= Charles Girdlestone =

English clergyman and biblical commentator

Charles Girdlestone (1797–1881) was an English clergyman and biblical commentator.

==Life==
The second son of Samuel Rainbow Girdlestone, a chancery barrister, was born in London in March 1797; Edward Girdlestone, canon of Bristol, was his younger brother. He was educated at Tunbridge School, under Vicesimus Knox, and in 1815 entered Wadham College, Oxford, where he held two exhibitions, one for Hebrew, the other for botany. In 1818 he graduated B.A., with a first class in classics and a second in mathematics, at the same time as Edward Greswell, Josiah Forshall, and Richard Bethell, also of Wadham. He was elected to an open fellowship at Balliol College, and was appointed catechetical, logical, and mathematical lecturer in the college.

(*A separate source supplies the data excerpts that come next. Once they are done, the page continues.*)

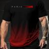 Summer Men's Gradient Paris Letter 3D Printed T-shirts Gradual Change Color Round Collar Short Sleeve Tops Tees, Outdoor Cloth
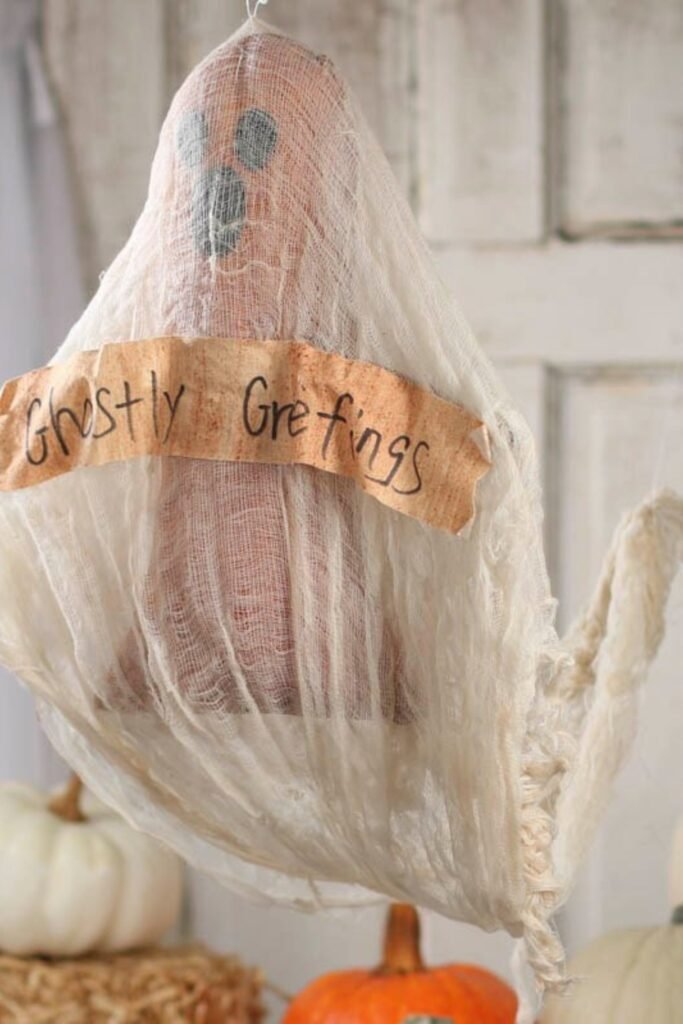 To create a matching ghost, drape some cheesecloth over a small balloon or foam ball. Spray the cloth with starch to hold its shape.
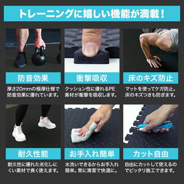 ジョイント トレーニングマット 大判 60cm 厚さ2cm 32枚セット ジョイントマット トレーニング エクササイズ ヨガ マット ジムマット 防音マット フロアマット トレーニング用ジョイントマット 筋トレ 送料無料
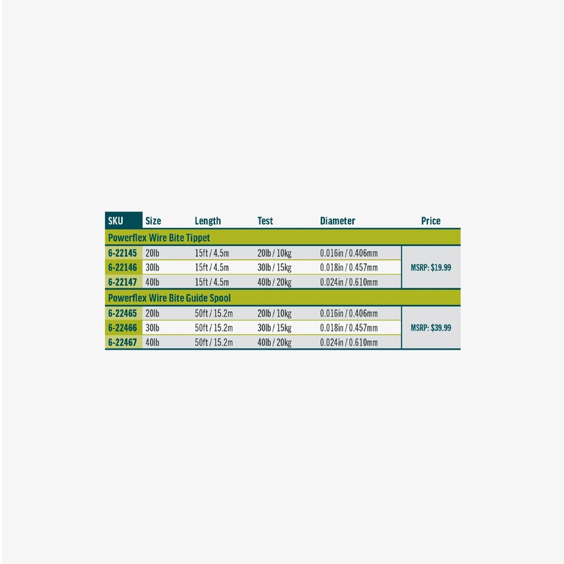 RIO’s Powerflex Wire Bite Tippet is a tough, flexible nylon-coated wire that’s perfect for those sharp toothed critters. This knot-table, braided wire is supple enough to tie directly to the fly. Available in three size options; 20lb, 30lb & 40lb, and in regular sized spools, with 15 feet on each spool, or guide spools with 50 feet on each spool. Tough, flexible, nylon-coated wire that is super easy to tie a knot with – ideal for sharp-toothed critters like Pike, Musky, Barracuda and Bluefish.
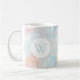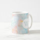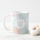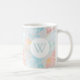 Vattenfärgssäsongsbundet mönster monogram mugg i havs- och solnedgång.
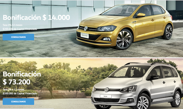 En el caso de Volkswagen, tiene en marzo el descuento más grande: rebaja $73.200 el Suran, seguido por una rebaja de $40.000 para el Gol y $14.000 para el nuevo Polo, lanzado este verano.
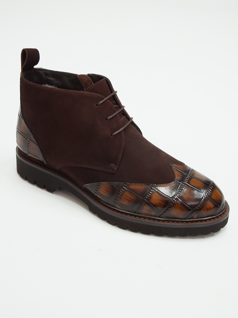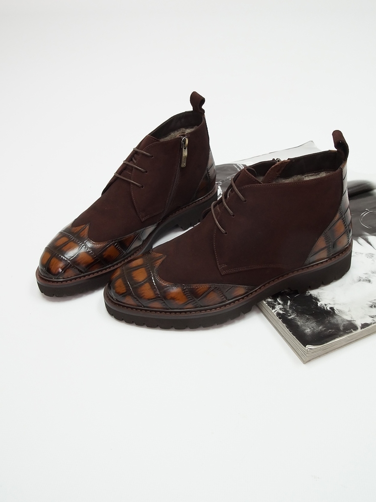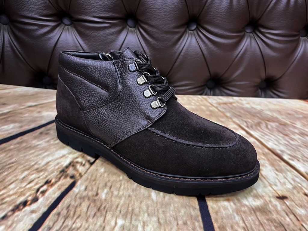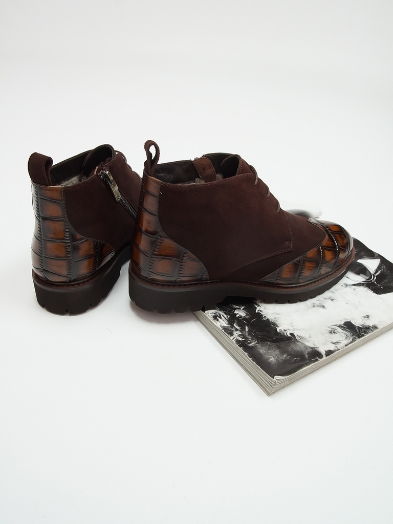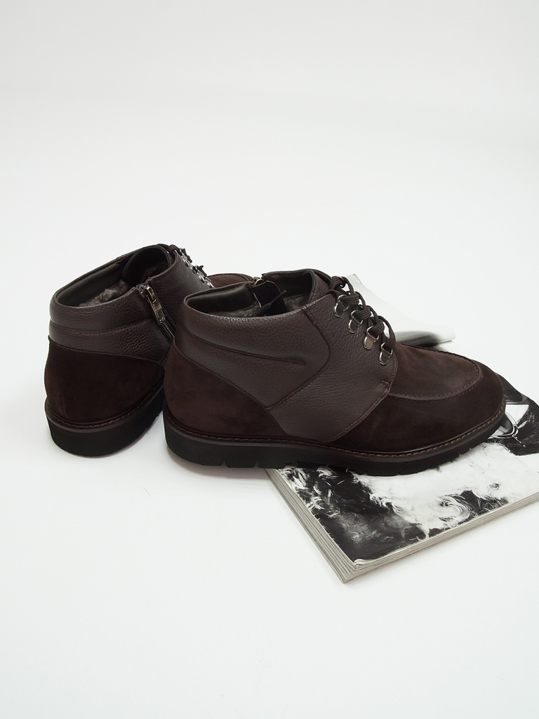 Артикул: 5426X-928B-M. Сезон: Зима. Материал верха: Натуральная кожа, Натуральная замша. Материал подкладки: Натуральный мех (полный). Основной цвет: Коричневый. Бренд: GRAND GUDINI. Производство: Кит... Показать описаниеай. Мужская обувь из натуральной кожи и замши - это результат совершенного сочетания стиля, качества и комфорта. Эти обувные изделия являются воплощением элегантности и надежности, вместе с тем подчеркивая индивидуальность и характер своего обладателя. Каждая пара обуви изготавливается с особой тщательностью и заботой, используя только лучшие образцы натуральной кожи и замши. Этот материал придает обуви неповторимые текстуры и отличается прочностью, надежностью и долговечностью. Благодаря использованию натуральной кожи, обувь подстраивается по форме ноги, обеспечивая максимальную посадку и комфорт. Стилистическое многообразие мужской обуви из натуральной кожи и замши позволяет каждому мужчине найти идеальную пару, соответствующую его индивидуальному стилю и предпочтениям. Будь то классические лоферы, элегантные офисные туфли, стильные ботинки или спортивные кроссовки, каждая модель выдержана в современных тенденциях и сочетает в себе умеренную элегантность и функциональность. Кроме того, мужская обувь из натуральной кожи и замши - это инвестиция в качество. Сочетание высококлассных материалов и мастерского исполнения делает эти изделия особенно долговечными. Правильный уход и регулярное обслуживание поддерживают их первоначальную красоту и гарантируют долгое время использования. Независимо от повода или места, мужская обувь из натуральной кожи и замши является надежным и стильным выбором для мужчин, ценящих качество и элегантность. Она подчеркнет ваш характер и индивидуальность, доставляя удовольствие от ношения и вызывая восхищение окружающих своим утонченным исполнением и безупречным внешним видом. Подробное описание: https://obuv-tut2000.ru/magazin/product/botinki-muzhskie-zimnie-grand-gudini-5426x-928b-m

He was ordained deacon in 1820 and priest in 1821, taking his M.A. degree in the same year. About this time he became tutor to the twin sons of Sir John Stanley of Alderley Park; it was this connection which led to his being appointed rector of Alderley some years later. In 1822 he was curate at Hastings, and in 1824 at Ferry Hincksey, near Oxford. He was classical examiner for degrees at Oxford in 1825–6, and select preacher to the university in 1825 and 1830.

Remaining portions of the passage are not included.